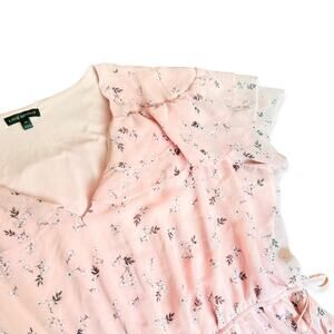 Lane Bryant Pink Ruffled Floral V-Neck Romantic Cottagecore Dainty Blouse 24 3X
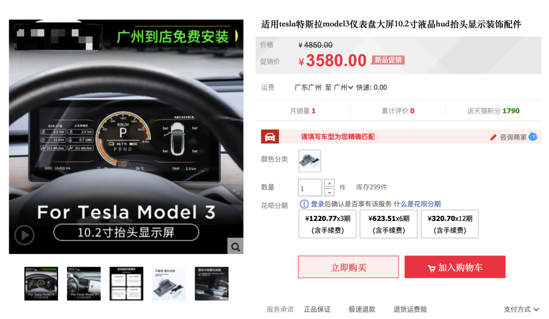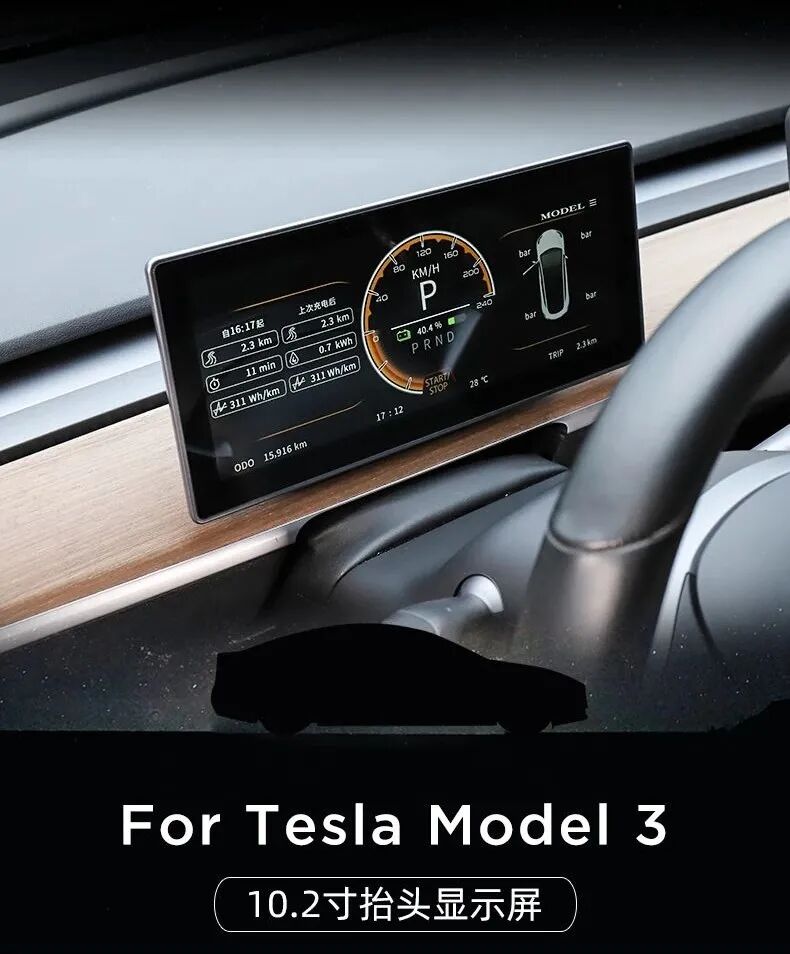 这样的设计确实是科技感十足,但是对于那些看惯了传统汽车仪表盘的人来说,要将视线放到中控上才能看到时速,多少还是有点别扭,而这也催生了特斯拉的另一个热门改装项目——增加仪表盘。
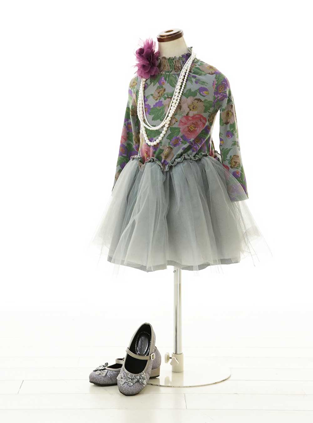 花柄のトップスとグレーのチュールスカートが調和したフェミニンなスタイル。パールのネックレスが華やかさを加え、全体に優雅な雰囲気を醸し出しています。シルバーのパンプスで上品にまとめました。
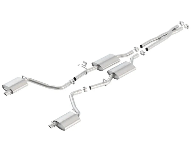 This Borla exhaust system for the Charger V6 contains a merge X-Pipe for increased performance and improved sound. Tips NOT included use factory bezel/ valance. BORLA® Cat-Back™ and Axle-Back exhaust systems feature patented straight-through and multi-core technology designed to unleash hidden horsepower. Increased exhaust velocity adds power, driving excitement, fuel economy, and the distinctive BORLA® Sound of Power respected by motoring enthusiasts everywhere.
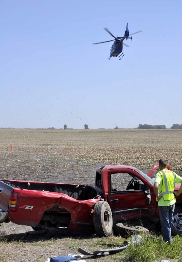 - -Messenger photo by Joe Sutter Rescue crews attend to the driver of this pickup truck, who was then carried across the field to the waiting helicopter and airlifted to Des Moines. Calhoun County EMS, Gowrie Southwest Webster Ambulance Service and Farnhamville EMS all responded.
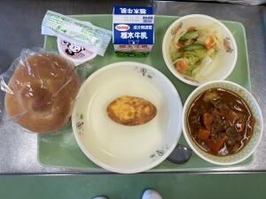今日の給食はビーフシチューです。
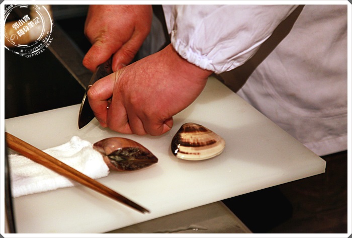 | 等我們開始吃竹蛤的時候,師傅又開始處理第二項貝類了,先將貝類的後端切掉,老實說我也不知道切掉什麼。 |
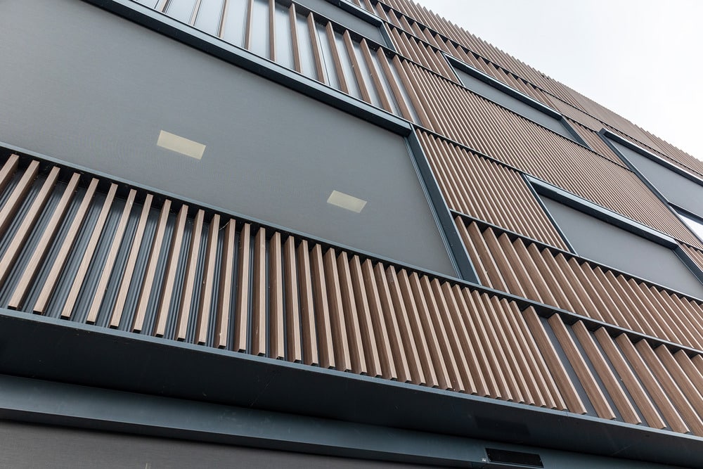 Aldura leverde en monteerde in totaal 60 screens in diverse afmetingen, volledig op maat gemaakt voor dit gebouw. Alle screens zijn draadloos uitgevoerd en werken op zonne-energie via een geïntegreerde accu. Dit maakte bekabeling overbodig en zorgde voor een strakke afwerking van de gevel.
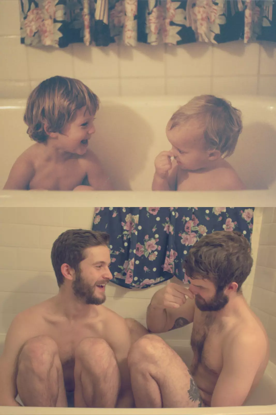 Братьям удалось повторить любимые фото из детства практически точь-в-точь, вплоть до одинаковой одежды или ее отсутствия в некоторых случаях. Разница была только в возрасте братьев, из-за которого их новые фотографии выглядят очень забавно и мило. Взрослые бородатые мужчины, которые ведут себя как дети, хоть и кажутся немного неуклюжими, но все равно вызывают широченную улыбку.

#####

ASSIGNMENT
For this exercise, return exactly the lines above from the line with "这样的设计确实是科技感十足,但是对于那些" through the line with "今日の給食はビーフシチューです。", both included. Do not copy the pictures.

EXERCISE RESULT
 这样的设计确实是科技感十足,但是对于那些看惯了传统汽车仪表盘的人来说,要将视线放到中控上才能看到时速,多少还是有点别扭,而这也催生了特斯拉的另一个热门改装项目——增加仪表盘。
 花柄のトップスとグレーのチュールスカートが調和したフェミニンなスタイル。パールのネックレスが華やかさを加え、全体に優雅な雰囲気を醸し出しています。シルバーのパンプスで上品にまとめました。
 This Borla exhaust system for the Charger V6 contains a merge X-Pipe for increased performance and improved sound. Tips NOT included use factory bezel/ valance. BORLA® Cat-Back™ and Axle-Back exhaust systems feature patented straight-through and multi-core technology designed to unleash hidden horsepower. Increased exhaust velocity adds power, driving excitement, fuel economy, and the distinctive BORLA® Sound of Power respected by motoring enthusiasts everywhere.
 - -Messenger photo by Joe Sutter Rescue crews attend to the driver of this pickup truck, who was then carried across the field to the waiting helicopter and airlifted to Des Moines. Calhoun County EMS, Gowrie Southwest Webster Ambulance Service and Farnhamville EMS all responded.
今日の給食はビーフシチューです。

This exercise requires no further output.